Ici, il y a un personnage qui est présent partout et dont je n’aurais pas parié une bille :


Le Petit Prince, omniprésent en peinture, ou sculpture. Assez incroyable.
Bon des fois, je ne suis pas sûr que le message soit bien intégré par la population locale. Mais bon, il faut bien mélanger un peu les cultures…



Clou du spectacle, une statue du Petit Prince avec le Renard regardant la ville. Bien sûr, il y a une queue incroyable (avec une personne qui gère le flux) pour pouvoir être pris en photo entre le Petit Prince et le Renard.


Il y a bien sûr pleins d’autres choses à voir mais surtout des commerces de souvenirs ou de nourriture partout.
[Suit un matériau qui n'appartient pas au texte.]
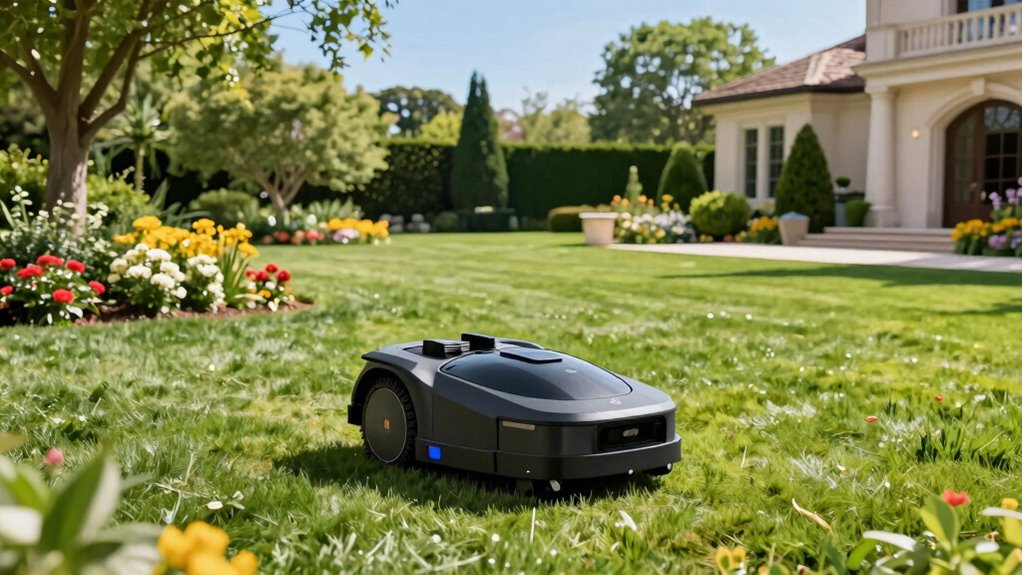 When selecting a robotic mower for large yards, safety and obstacle detection features are essential to guarantee reliable and worry-free operation. Advanced obstacle detection systems can recognize over 1,000 object types, helping the mower navigate safely around pets, furniture, and yard hazards. Cameras with a 300° field of view, combined with AI algorithms, enable superior obstacle avoidance and real-time hazard recognition. Multi-zone management with no-go zones allows precise exclusion of sensitive areas like pools and flower beds. Ultrasonic radars and 3D sensors detect objects as small as 1 cm wide and 5.9 inches high, preventing collisions. These technologies markedly reduce the risk of damage and ensure safe operation, even in complex or cluttered large yards. Safety features like these provide peace of mind during mowing sessions.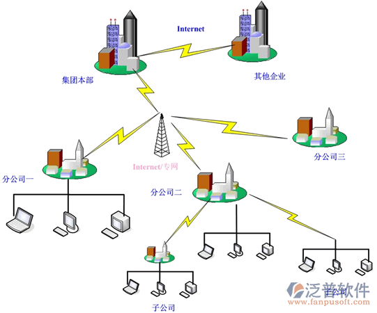 3、 規(guī)模較大或還有子公司的分公司在其內(nèi)部部署二級系統(tǒng),通過Internet(或?qū)>W(wǎng))實現(xiàn)和集團的互聯(lián)。

Il faut bien comprendre que les Coréens ont entre 15 jours et 25 jours (selon l’ancienneté) de congés. Ils entrent dans une sorte de machine à souvenirs qui doit être très bien rodée. Je le vois à chaque visite, cela peut paraitre un peu fake, mais c’est leur fonctionnement. Il n’y a donc pas à juger (même si, en bon français, ce n’est pas l’envie qui manque.)